Breast cancer is a heterogeneous neoplasm with many factors contributing to its intratumoral diversity, thus the various breast cancer subtypes offer different degrees of immunogenicity [32]. With the advent of more effective means of subtype characterization and stratification (specifically, genomic and transcriptomic analyses), in depth exploitation of immunomodulation and further characterization of biomarkers in BC can become more effective by researchers. Improving the stratification of BC subtypes with high throughput imaging and gene expression profiling, while also separating strongly immunogenic BC subtypes from the weakly immunogenic, will create more effective and personalized treatments and possibly explain why BC has been perceived as immunologically ‘silent’.

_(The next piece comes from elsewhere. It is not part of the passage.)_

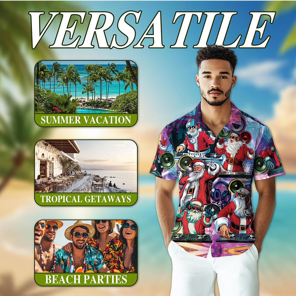 Netecom DJ Santa Claus Christmas Hawaiian Shirt, Music Party Holiday Print Button Down Summer Beach Short Sleeve Shirt, S-5XL

In 1863, Rudolf Virchow proposed a functional relationship between inflammation and cancer. He hypothesized that the origin of cancer was at sites of chronic inflammation. It is now obvious that inflammatory cells have a potent impact on tumor development [33]. The pro-tumor actions of inflammatory cells include: the presence of leukocyte infiltration; the expression of cytokines such as tumor necrosis factor (TNF) or IL-1; chemokines such as CCL2 and CXCL8; active tissue remodeling and neo-angiogenesis. Tumor associated macrophages are important regulators in the link between inflammation and cancer [34, 35]. It took several years for researchers to prove that inflammation is fundamental to the growth and progression of breast cancer [36]. In 2009 a remarkable study confirmed the link between chronic inflammation and breast cancer recurrence [37]. The authors examined C-reactive protein (CRP) and serum amyloid A (SAA) levels, as measures of inflammation, and found that elevated CRP and SAA were associated with reduced disease-free survival in BC patients.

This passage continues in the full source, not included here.